In patients receiving clarithromycin for adjunct prophylaxis, 500mg was administered orally 30 minutes before skin incision. Decision on whether or not to administer clarithromycin was based upon specific hospital protocols applicable to all patients uniformly. Clarithromycin was offered to all patients requiring non-elective cesarean deliveries. Patients did not receive clarithromycin as adjunct surgical prophylaxis if time between decision for surgery and actual skin incision was less than 30 minutes, patient could not tolerate oral medications, or intervention was refused by provider. Patients who did not receive clarithromycin for any of the aforementioned reasons were included in the control group for this study.

The primary outcome was development of postpartum endometritis.

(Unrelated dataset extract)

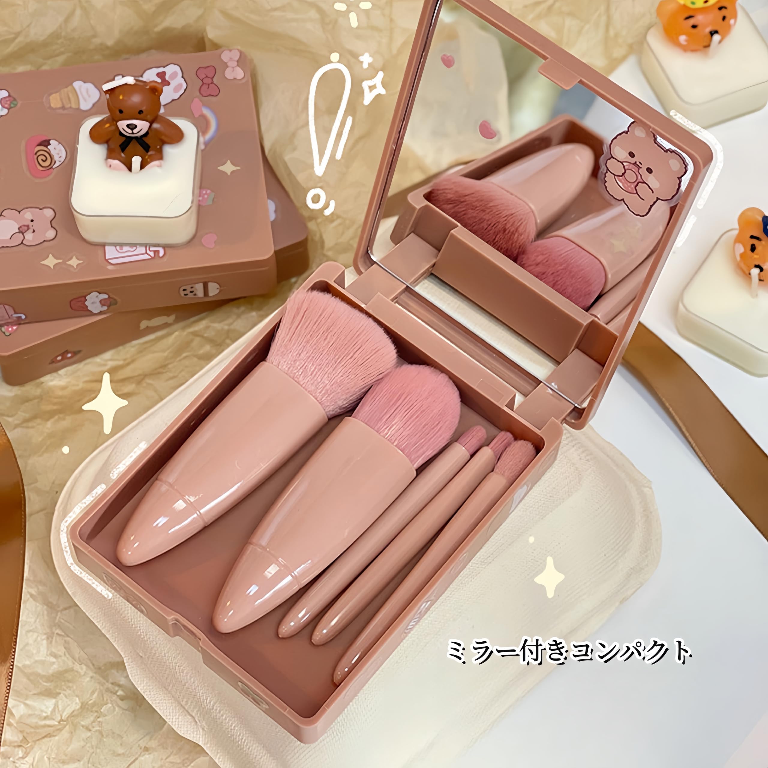 LIANGNISHI トラベル5点ミラーボックスメイクブラシセット、ポータブル、多機能パウダーブラシ、チークブラシ、美容ツール-02

Secondary outcomes included meconium-stained amniotic fluid at time of cesarean delivery, neonatal sepsis (both suspected and confirmed), neonatal intensive care unit admission, and neonatal acute respiratory distress syndrome. This study at all participating sites was approved by the institutional review board at St. John’s Episcopal Hospital.

Statistical analysis

To account for unequal variance between treatment groups, Welch two-sample two-tailed t-test [24] was used to evaluate differences between continuous variables as appropriate. To evaluate differences between frequencies of binary variables between the treatment groups, we employed _X² test [25] and Fisher’s exact test [26] for comparing contingency tables as appropriate.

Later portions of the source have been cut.